Being on opposite sides of one fence should never lead to open verbal warfare, not least if your aim is to lure the person concerned over to what you suppose to be the best outcome for your country.
S/he who shouts loudest rarely captures an audience’s attention.
Yet I’m fearful that many feminists, for whom independence is not a primary motivation, will now set their face against voting for any party in favour of it. That might not be logical in any way, but it is not atypical of human behaviour.
I watched the rally outside parliament where women from many backgrounds, and doubtless many political persuasions, announced that the First Minister was well and truly off their Christmas card list.
If these pro-independence feminists all fall off the independence wagon at the next election, then they too will be part of the collateral damage of this unhappy chapter in Holyrood history. And we need them.
We need the fully paid-up indy adherents – guilty as charged – we need the almost theres, and we need the mebbes aye, mebbes naws as well.
My tribe is often accused of intemperance and impatience. Of not pausing to take the temperature of the public before barging on to self -determination.
Yet it has to be said that the Government did not pause to read the public’s temperature before enacting GRR. And that’s OK with me. I don’t want a government who governs via focus group read-outs.
But if boldness is to be the order of the day, if legislators are determined to have the courage of their convictions, then how about a wee bit more courage on the independence front?

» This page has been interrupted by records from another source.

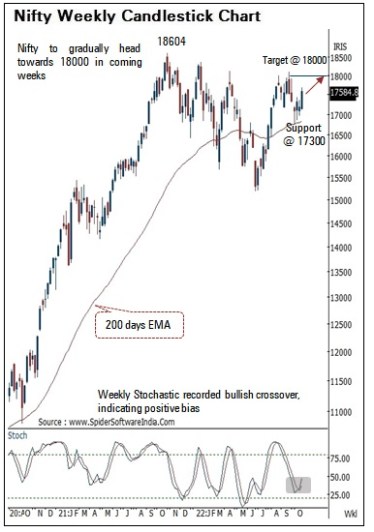 - The Nifty started the week on a positive note and endured its northbound journey as index witnessed positive close on all five sessions that helped index to resolve out of three weeks consolidation (17500-16700). The weekly price action formed a sizable bull candle carrying higher-high-low, indicating continuance of positive bias.
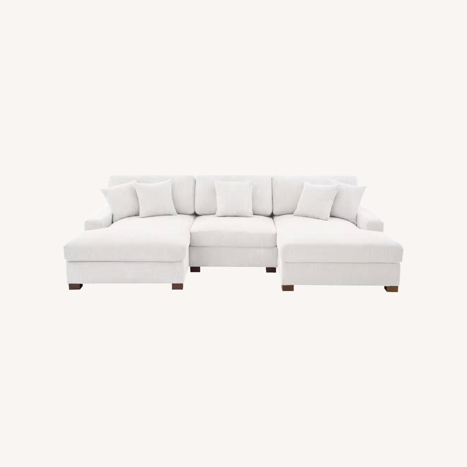 Square Arm 3-Piece Corduroy Upholstered U-Shaped Sectional Sofa
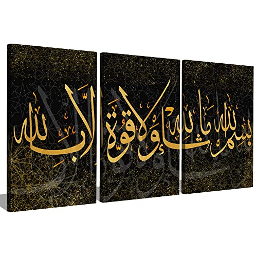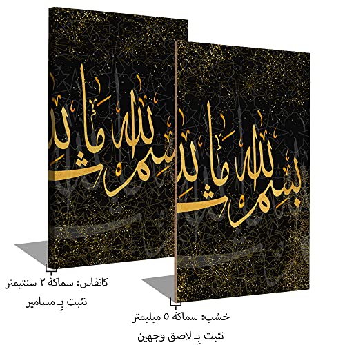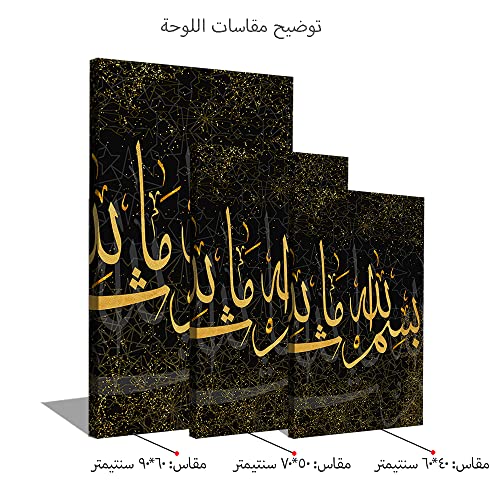 Generic - حبر آرت 3 لوحات من خشب الكانفاس للديكور بسم الله ما شاء لا قوة الا بالله 40x60x2 الوان متعددة

Being in government is not for the faint-hearted. Problems come thick and fast. My own trade is never slow to hurl brickbats across any and all policies. Yet this is not just any old government. This is one voted for to secure independence for Scotland.
And that cause surely has to trump other issues. In fact, the assorted opposition benches are aye moaning that it does already. If only.
We may have a different administration post independence. We may not. That will be up to the Scottish electorate. And, to coin a technical phrase, we cannot afford to piss any of them off.